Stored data

--- START ---

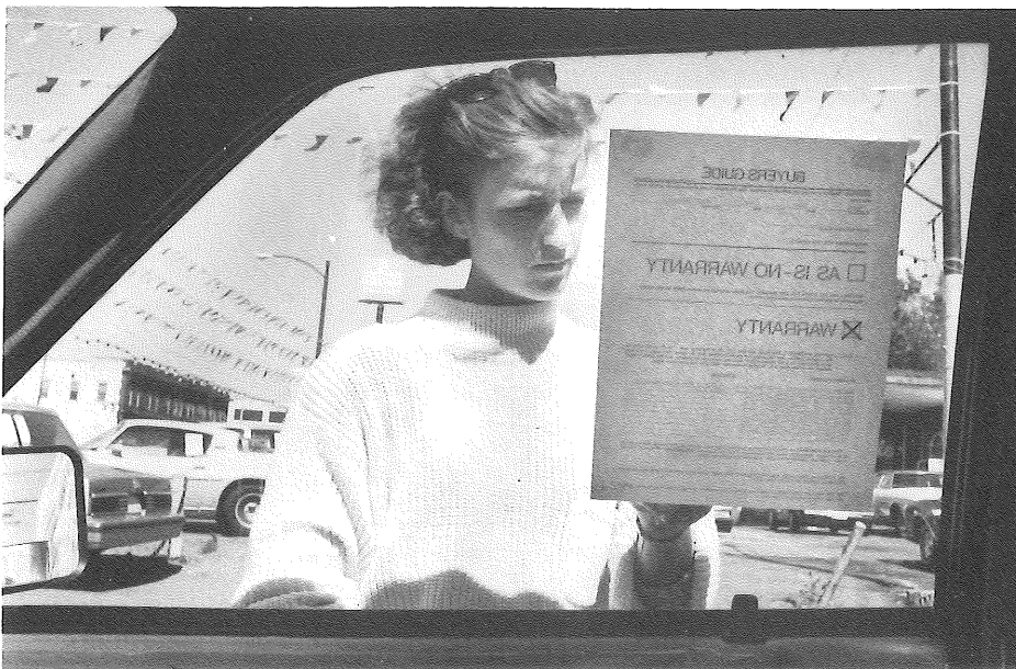
Consumers will have added protections under Chap. 634, the "Used car lemon law." The new law contains express warranty protections according to the age and mileage of the car.

A separate section of the law provides protections for dogs and cats. Beginning August 1, 1988, it is a petty misdemeanor to leave a dog or cat unattended in a motor vehicle under situations that may harm the animals' health. In periods of extreme heat or cold, or in other harmful situations, a police officer, humane agent, dog warden or fire or rescue department representative may enter the vehicle to remove the dog or cat. The violation is punishable with a $25 fine.
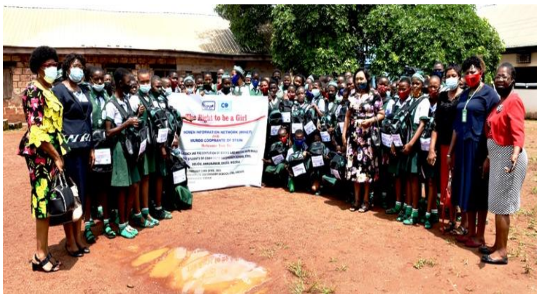
147 female beneficiaries of Community Secondary School, Obeagu, Awkunanaw, Enugu South Local Government area with WINET team, Principal and teachers
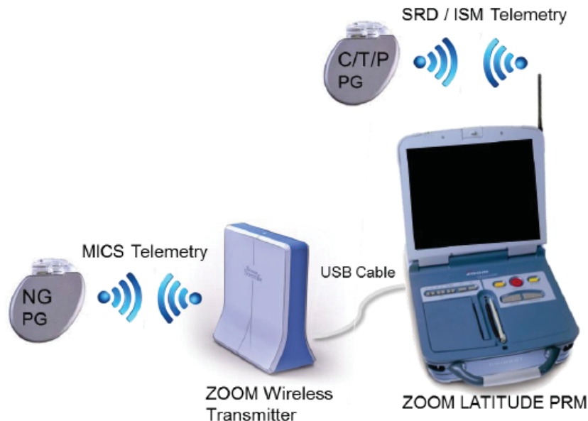
Figure 1-1: System Illustration of RF Telemetry

BSC provided a presentation which provided an overview of the submission.
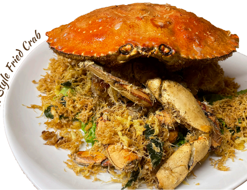
Golden Style Fried Crab
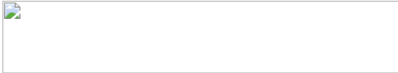
(DCSP4 - four unit power supply)

Simply route any CobraNet line on the network to a Whirlwind DCSP power supply located at any convenient location within 100 meters of the DCS88. Connect the output of the supply to the DCS88. That's it! Power supplies are available to power one or as many as four DCS88s.
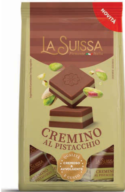
1. LS2120 Milk Cremino w/pistachio 130 g $6.00/12 ea/$72.00
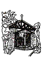
st. cecilia church lagunitas
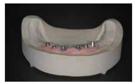
Fig. 20: CAMLOG® Vario SR straight abutments on the model.
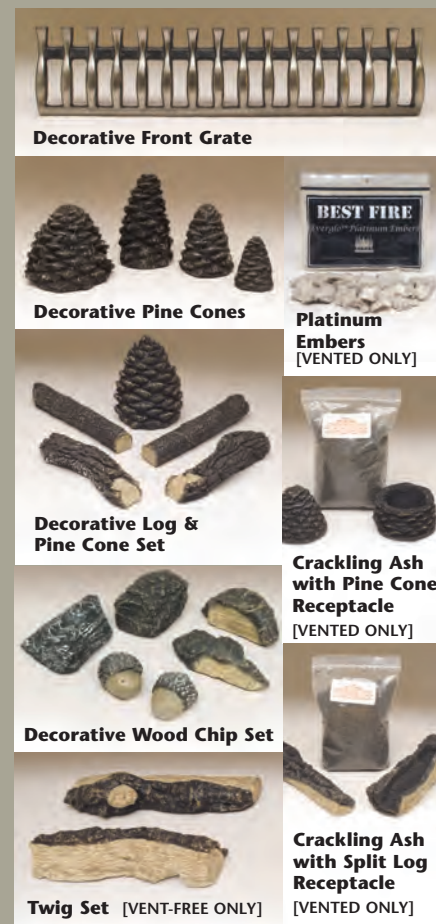
Decorative Front Grate

BEST FIRE gas log accessories are available to enhance the look and enjoyment of our gas log sets, providing the ultimate in fireplace comfort and convenience.
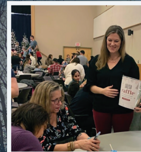
Headingley Community Pancake Breakfast in support of Bright Beginnings Educare
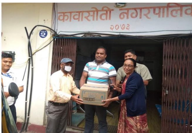
Handover to Mayor of Kawasoti MP
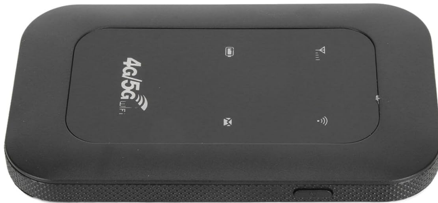
Image: The GOWENIC H806 Mobile WiFi Hotspot providing internet connectivity for a user working on a laptop and smartphone.

Simply insert a Micro SIM card (not included) and connect to WiFi on your cell phone, laptop, desktop or tablet.
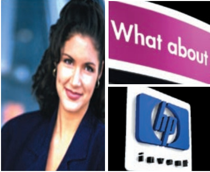
Graphics: Digital graphics of all types – murals, text signs, 3D stand-off logos.

Mosaic and Mosaic Plus offer a family of compatible panels to achieve any design objective.
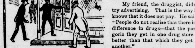
"There were two other drug stores nearby. The people round about were acquainted with them."

He said that his store had been an exceptionally good one; that the location was very fair, and that the stock was above reproach, but there were two other drug stores nearby which had been there for some time before he came. The people round about were acquainted with them, and to some they were just a little bit more conveniently situated than the new store.
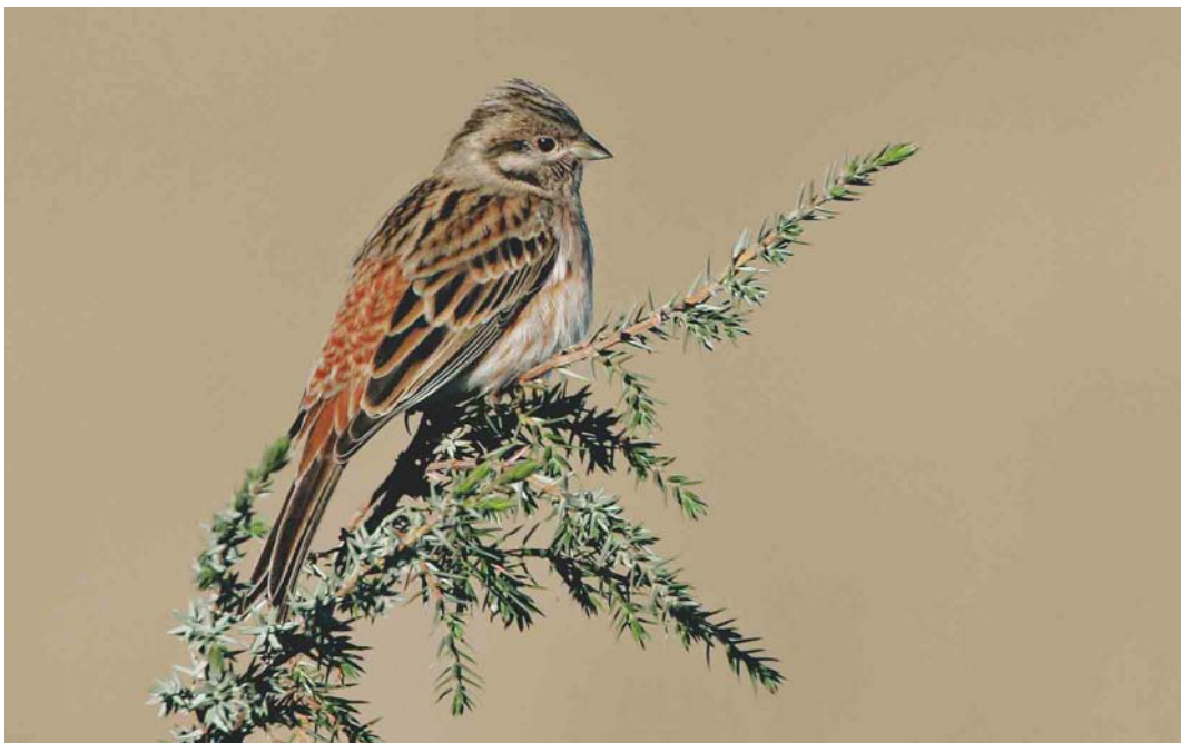
74 Pine Bunting / Witkopgors Emberiza leucocephalos , male, Macchia Lucchese, Toscana, Italy, November 2004 ( Daniele Occhiato )
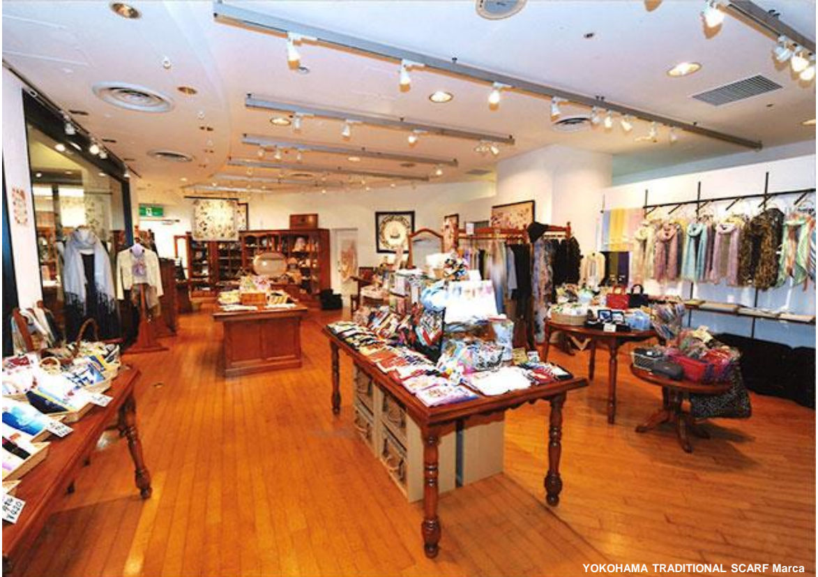
YOKOHAMA TRADITIONAL SCARF Marca
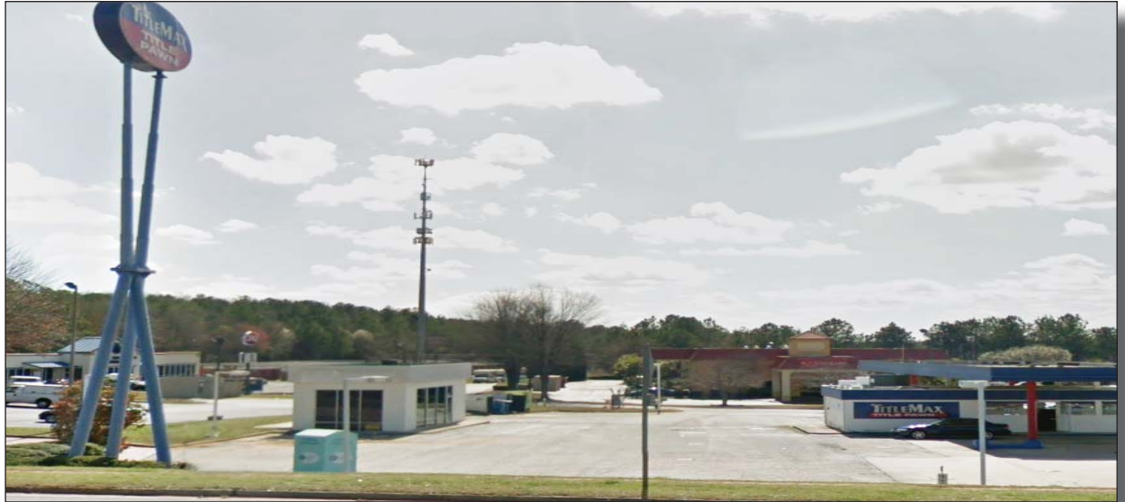
7348 Davidson Parkway, Suite B, Stockbridge, GA 30281
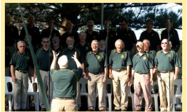
The popular Men in Harmony at last year's Australia Day
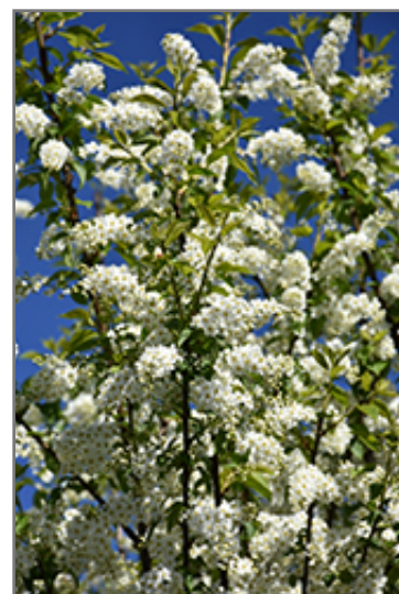
Bailey's Select Schubert Chokecherry flowers
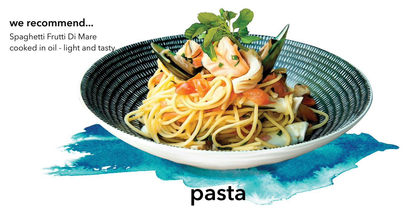
GLUTEN FREE OPTION AVAILABLE - ADD $4.50

--- END ---

Each line from the one containing "YOKOHAMA TRADITIONAL SCARF Marca" down to the final line of the records above must be reproduced exactly; no pictures go into the copy.

YOKOHAMA TRADITIONAL SCARF Marca
7348 Davidson Parkway, Suite B, Stockbridge, GA 30281
The popular Men in Harmony at last year's Australia Day
Bailey's Select Schubert Chokecherry flowers
GLUTEN FREE OPTION AVAILABLE - ADD $4.50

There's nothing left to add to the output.